If an entry holds an image, leave that image out and transcribe everything else exactly.

= Beginning of Section =

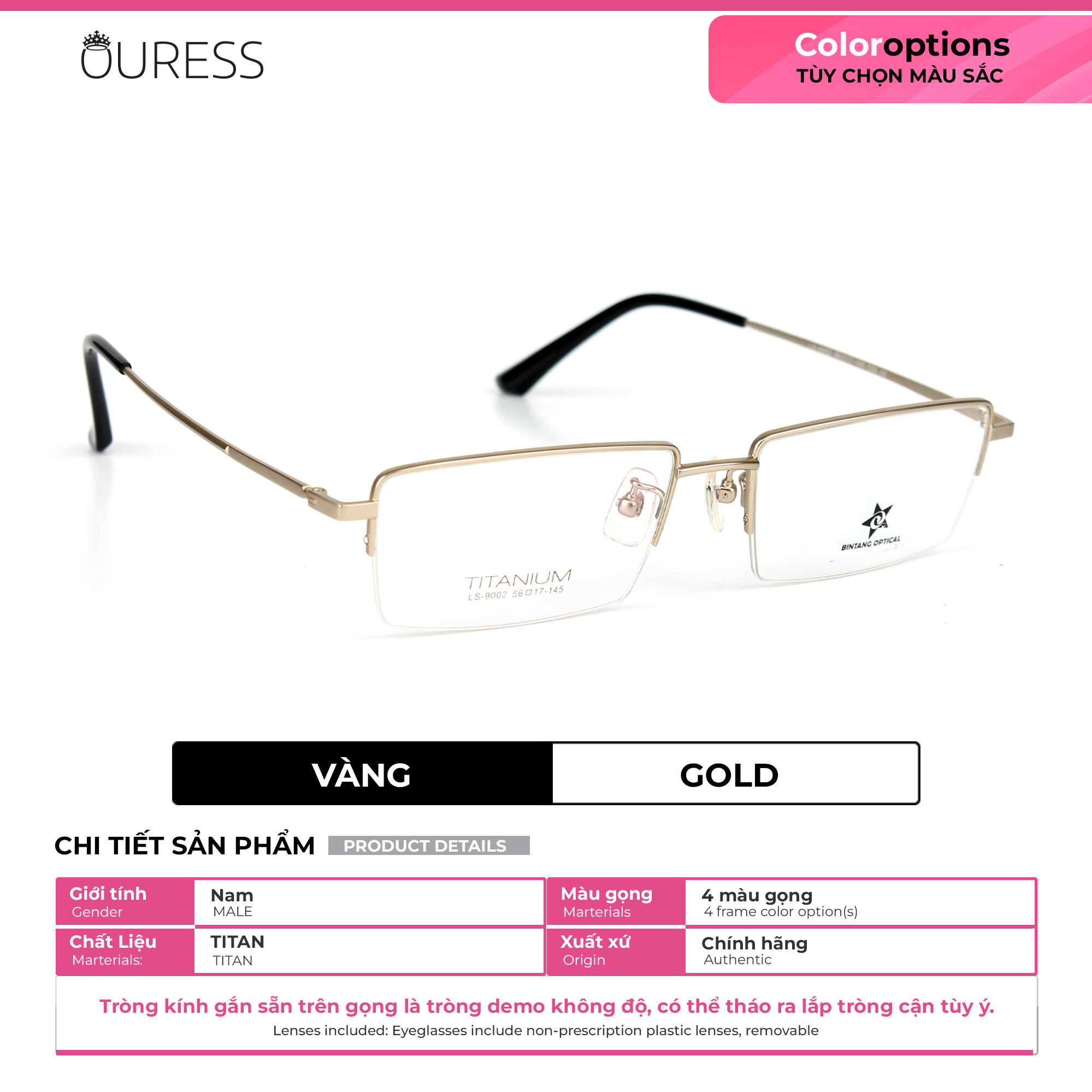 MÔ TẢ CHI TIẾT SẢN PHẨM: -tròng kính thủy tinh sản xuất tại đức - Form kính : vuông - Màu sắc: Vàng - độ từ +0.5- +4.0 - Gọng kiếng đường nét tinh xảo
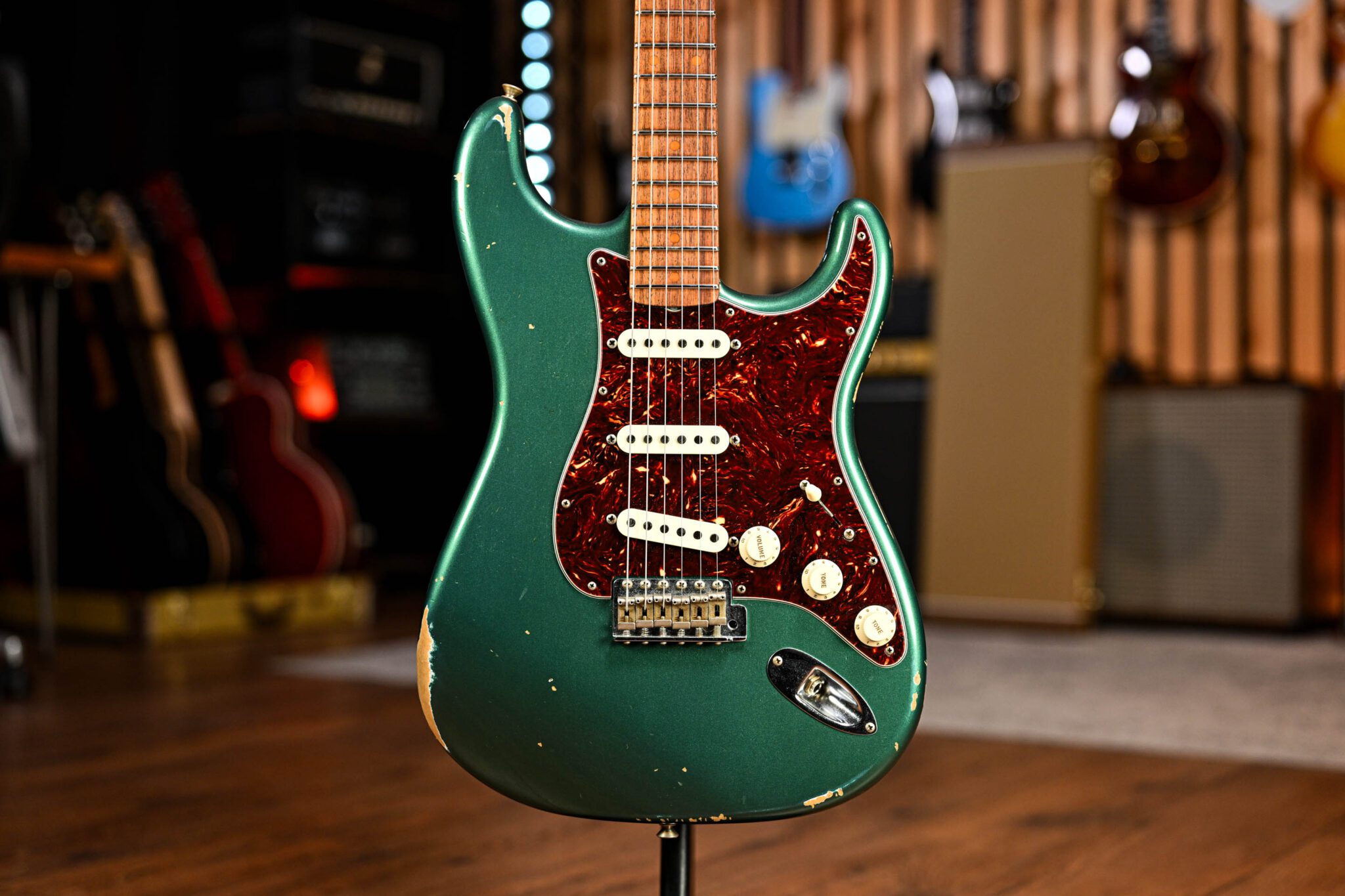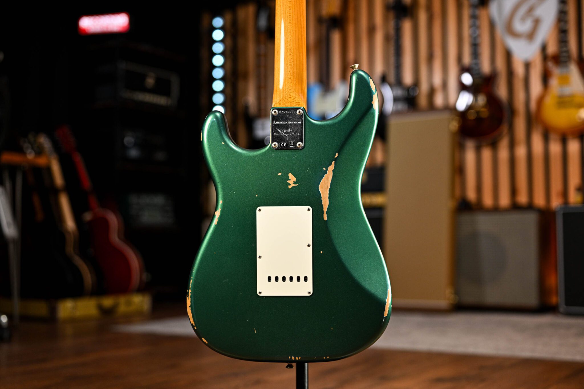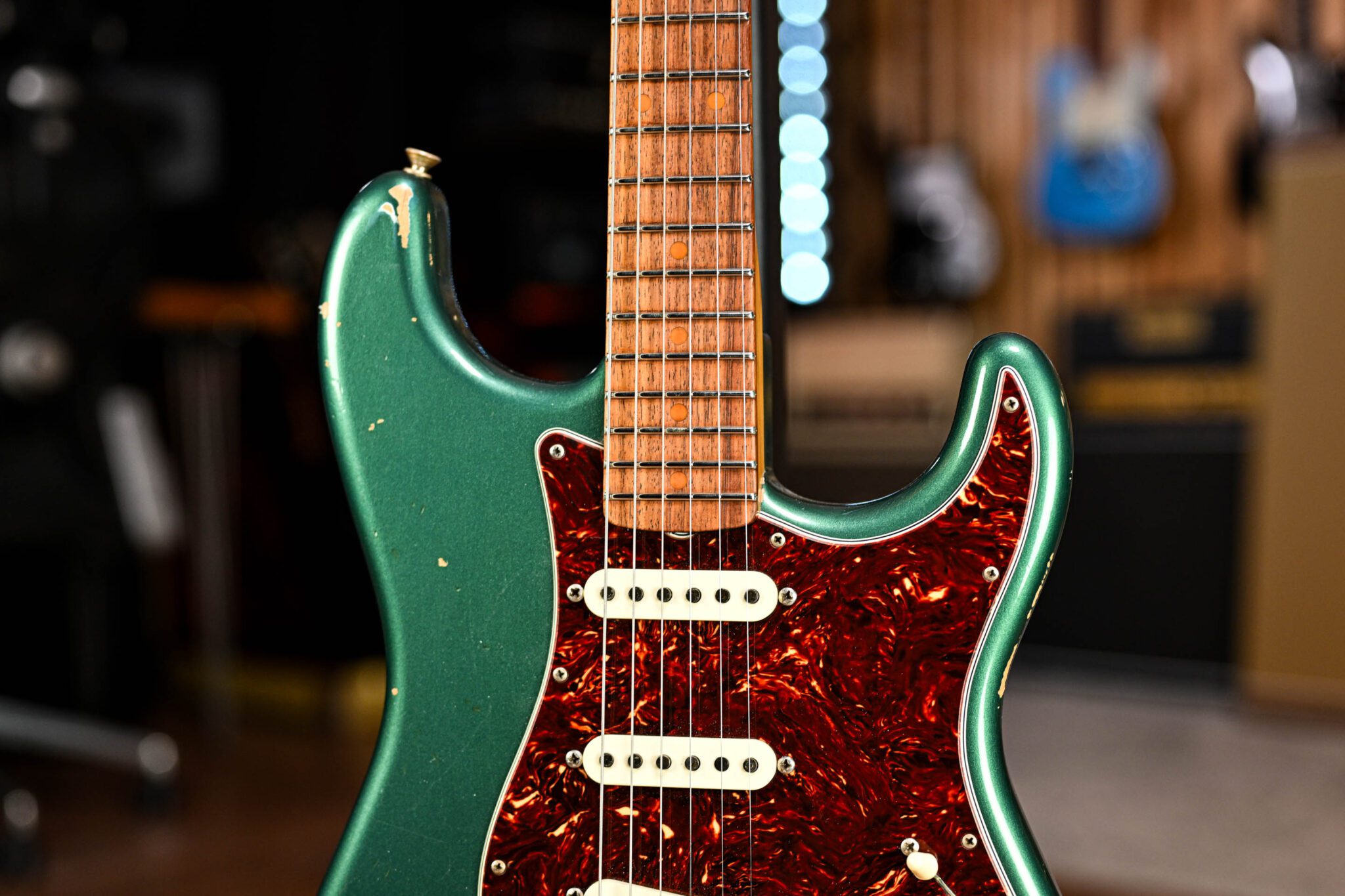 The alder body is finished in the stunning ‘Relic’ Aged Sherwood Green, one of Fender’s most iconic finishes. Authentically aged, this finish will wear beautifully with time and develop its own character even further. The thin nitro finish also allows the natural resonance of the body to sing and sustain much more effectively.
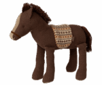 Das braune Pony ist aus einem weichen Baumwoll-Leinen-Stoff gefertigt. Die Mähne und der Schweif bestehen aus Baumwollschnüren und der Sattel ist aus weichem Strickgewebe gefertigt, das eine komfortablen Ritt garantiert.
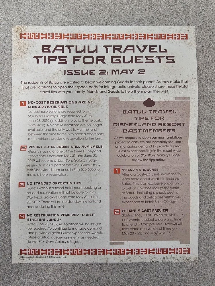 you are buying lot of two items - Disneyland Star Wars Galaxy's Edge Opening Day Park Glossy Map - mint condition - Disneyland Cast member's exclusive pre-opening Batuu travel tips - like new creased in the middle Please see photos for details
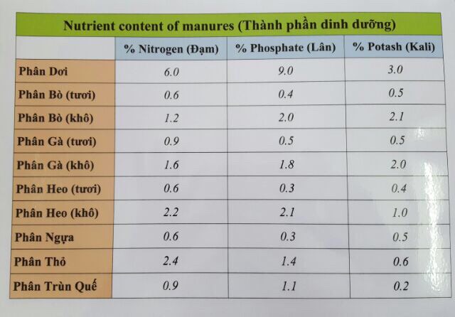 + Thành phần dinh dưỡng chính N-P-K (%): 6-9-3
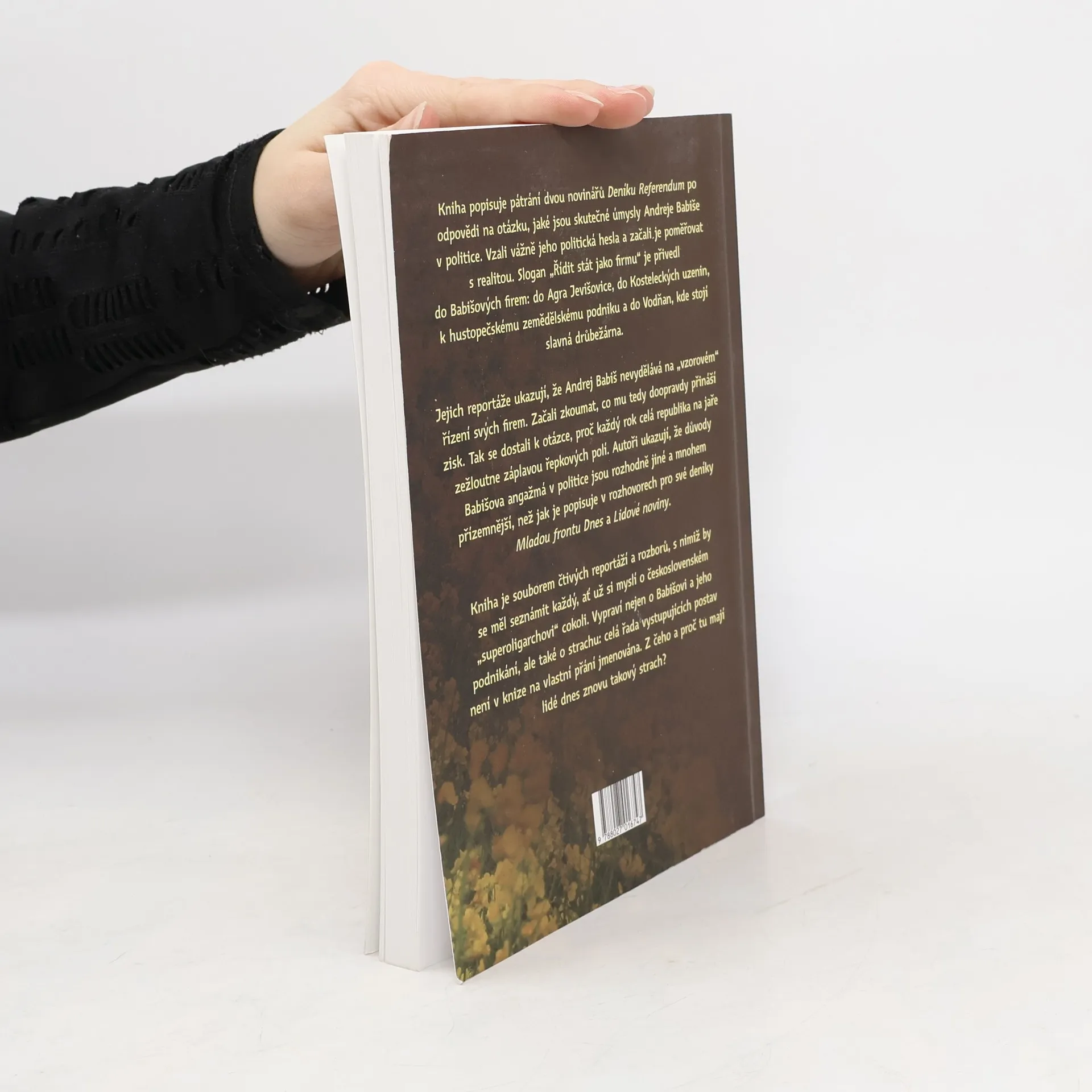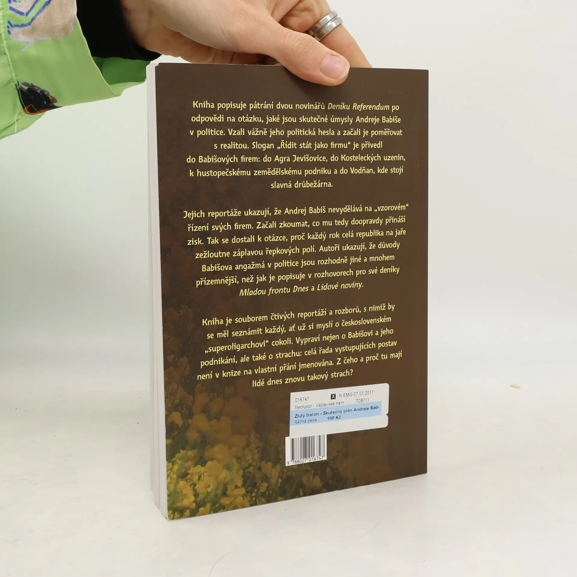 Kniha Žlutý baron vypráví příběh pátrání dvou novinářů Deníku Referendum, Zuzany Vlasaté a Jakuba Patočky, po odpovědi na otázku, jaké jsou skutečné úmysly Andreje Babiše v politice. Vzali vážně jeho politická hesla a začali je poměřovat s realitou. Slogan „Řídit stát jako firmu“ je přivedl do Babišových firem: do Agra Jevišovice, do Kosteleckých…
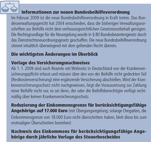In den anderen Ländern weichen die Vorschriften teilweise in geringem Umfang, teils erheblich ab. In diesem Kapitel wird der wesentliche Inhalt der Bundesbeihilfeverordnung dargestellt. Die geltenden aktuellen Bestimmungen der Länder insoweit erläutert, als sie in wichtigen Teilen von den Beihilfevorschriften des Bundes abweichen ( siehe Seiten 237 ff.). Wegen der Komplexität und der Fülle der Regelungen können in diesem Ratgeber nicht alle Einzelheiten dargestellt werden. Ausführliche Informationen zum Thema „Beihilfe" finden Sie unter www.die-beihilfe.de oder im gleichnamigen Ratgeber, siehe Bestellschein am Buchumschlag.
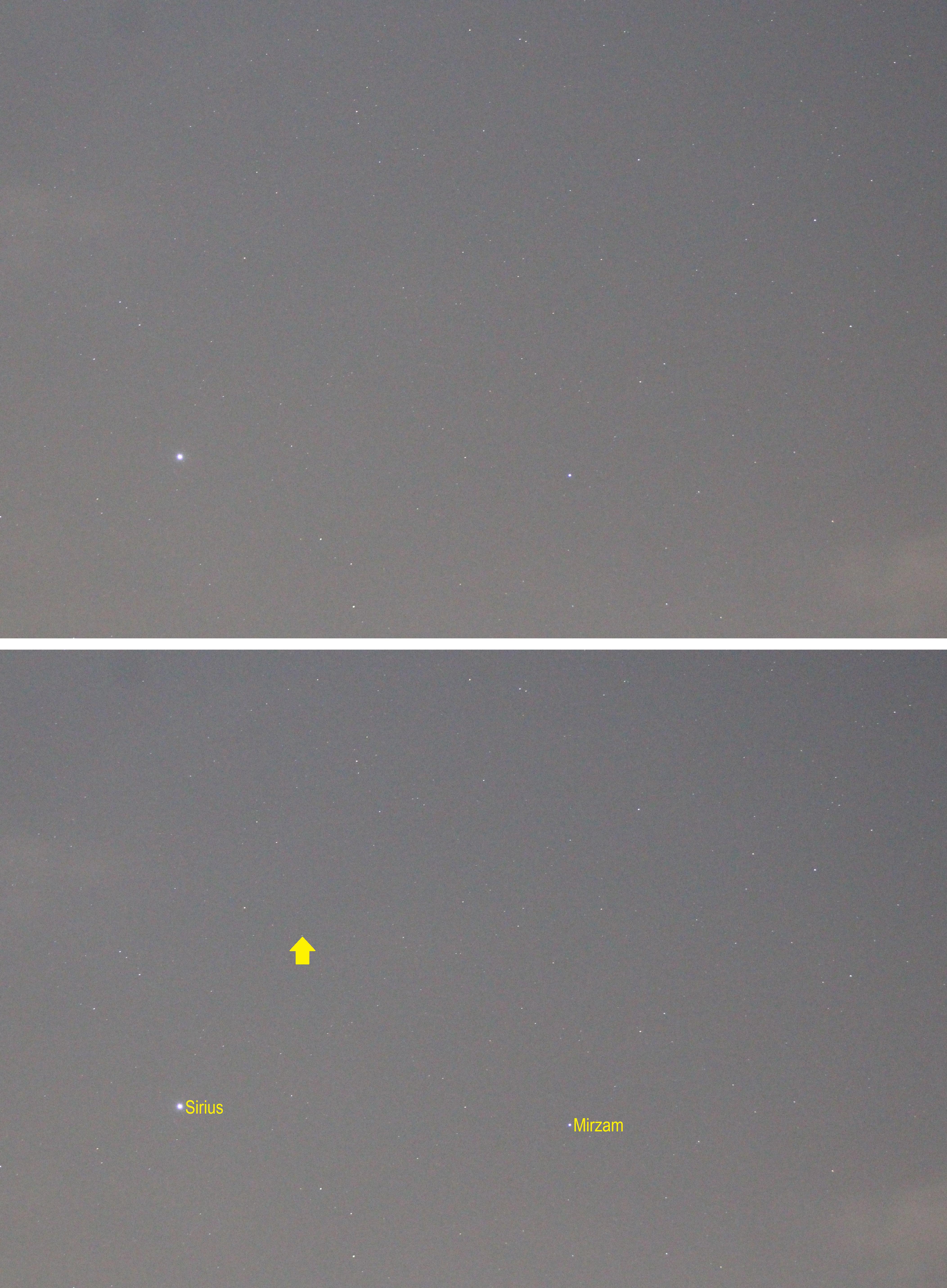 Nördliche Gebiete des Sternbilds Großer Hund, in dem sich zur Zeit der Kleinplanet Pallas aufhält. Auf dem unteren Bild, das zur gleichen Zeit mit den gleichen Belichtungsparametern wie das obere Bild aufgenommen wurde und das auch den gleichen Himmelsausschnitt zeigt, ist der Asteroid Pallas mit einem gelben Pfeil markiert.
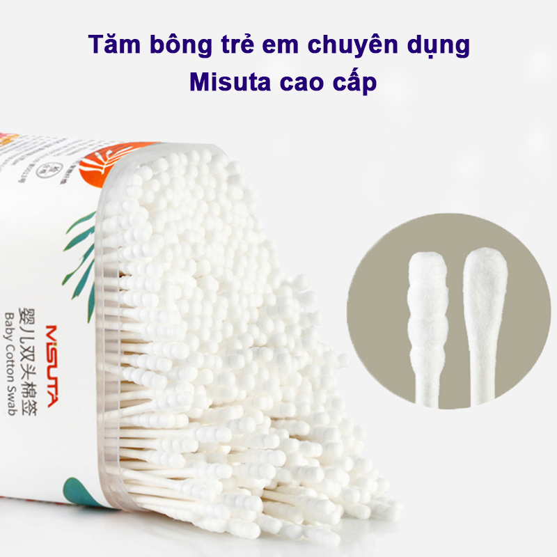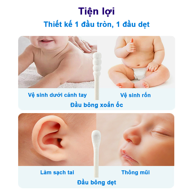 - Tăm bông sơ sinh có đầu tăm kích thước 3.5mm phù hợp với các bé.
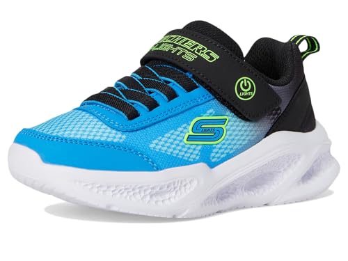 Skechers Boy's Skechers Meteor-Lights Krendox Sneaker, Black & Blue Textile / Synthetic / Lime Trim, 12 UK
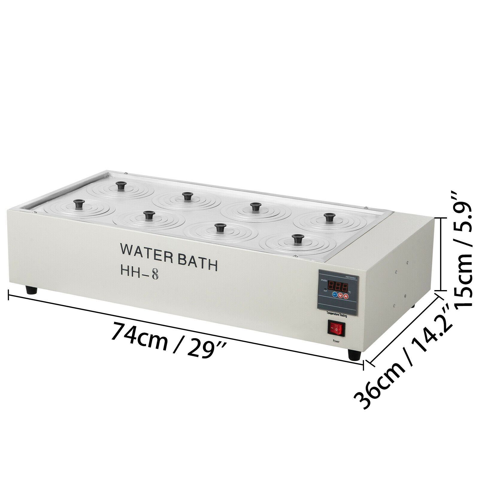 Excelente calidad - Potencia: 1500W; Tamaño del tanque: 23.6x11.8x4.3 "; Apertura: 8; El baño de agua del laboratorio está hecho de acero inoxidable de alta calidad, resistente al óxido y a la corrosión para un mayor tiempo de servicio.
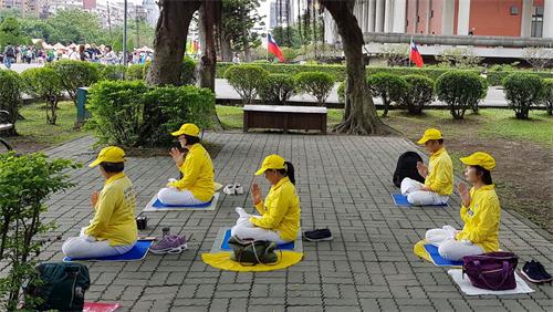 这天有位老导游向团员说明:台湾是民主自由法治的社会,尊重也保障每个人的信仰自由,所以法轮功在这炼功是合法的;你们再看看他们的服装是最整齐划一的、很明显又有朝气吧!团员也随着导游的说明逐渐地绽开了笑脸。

= End of Section =

> _OUTPUT OF THE TASK_
 MÔ TẢ CHI TIẾT SẢN PHẨM: -tròng kính thủy tinh sản xuất tại đức - Form kính : vuông - Màu sắc: Vàng - độ từ +0.5- +4.0 - Gọng kiếng đường nét tinh xảo
 The alder body is finished in the stunning ‘Relic’ Aged Sherwood Green, one of Fender’s most iconic finishes. Authentically aged, this finish will wear beautifully with time and develop its own character even further. The thin nitro finish also allows the natural resonance of the body to sing and sustain much more effectively.
 Das braune Pony ist aus einem weichen Baumwoll-Leinen-Stoff gefertigt. Die Mähne und der Schweif bestehen aus Baumwollschnüren und der Sattel ist aus weichem Strickgewebe gefertigt, das eine komfortablen Ritt garantiert.
 you are buying lot of two items - Disneyland Star Wars Galaxy's Edge Opening Day Park Glossy Map - mint condition - Disneyland Cast member's exclusive pre-opening Batuu travel tips - like new creased in the middle Please see photos for details
 + Thành phần dinh dưỡng chính N-P-K (%): 6-9-3
 Kniha Žlutý baron vypráví příběh pátrání dvou novinářů Deníku Referendum, Zuzany Vlasaté a Jakuba Patočky, po odpovědi na otázku, jaké jsou skutečné úmysly Andreje Babiše v politice. Vzali vážně jeho politická hesla a začali je poměřovat s realitou. Slogan „Řídit stát jako firmu“ je přivedl do Babišových firem: do Agra Jevišovice, do Kosteleckých…
In den anderen Ländern weichen die Vorschriften teilweise in geringem Umfang, teils erheblich ab. In diesem Kapitel wird der wesentliche Inhalt der Bundesbeihilfeverordnung dargestellt. Die geltenden aktuellen Bestimmungen der Länder insoweit erläutert, als sie in wichtigen Teilen von den Beihilfevorschriften des Bundes abweichen ( siehe Seiten 237 ff.). Wegen der Komplexität und der Fülle der Regelungen können in diesem Ratgeber nicht alle Einzelheiten dargestellt werden. Ausführliche Informationen zum Thema „Beihilfe" finden Sie unter www.die-beihilfe.de oder im gleichnamigen Ratgeber, siehe Bestellschein am Buchumschlag.
 Nördliche Gebiete des Sternbilds Großer Hund, in dem sich zur Zeit der Kleinplanet Pallas aufhält. Auf dem unteren Bild, das zur gleichen Zeit mit den gleichen Belichtungsparametern wie das obere Bild aufgenommen wurde und das auch den gleichen Himmelsausschnitt zeigt, ist der Asteroid Pallas mit einem gelben Pfeil markiert.
 - Tăm bông sơ sinh có đầu tăm kích thước 3.5mm phù hợp với các bé.
 Skechers Boy's Skechers Meteor-Lights Krendox Sneaker, Black & Blue Textile / Synthetic / Lime Trim, 12 UK
 Excelente calidad - Potencia: 1500W; Tamaño del tanque: 23.6x11.8x4.3 "; Apertura: 8; El baño de agua del laboratorio está hecho de acero inoxidable de alta calidad, resistente al óxido y a la corrosión para un mayor tiempo de servicio.
 这天有位老导游向团员说明:台湾是民主自由法治的社会,尊重也保障每个人的信仰自由,所以法轮功在这炼功是合法的;你们再看看他们的服装是最整齐划一的、很明显又有朝气吧!团员也随着导游的说明逐渐地绽开了笑脸。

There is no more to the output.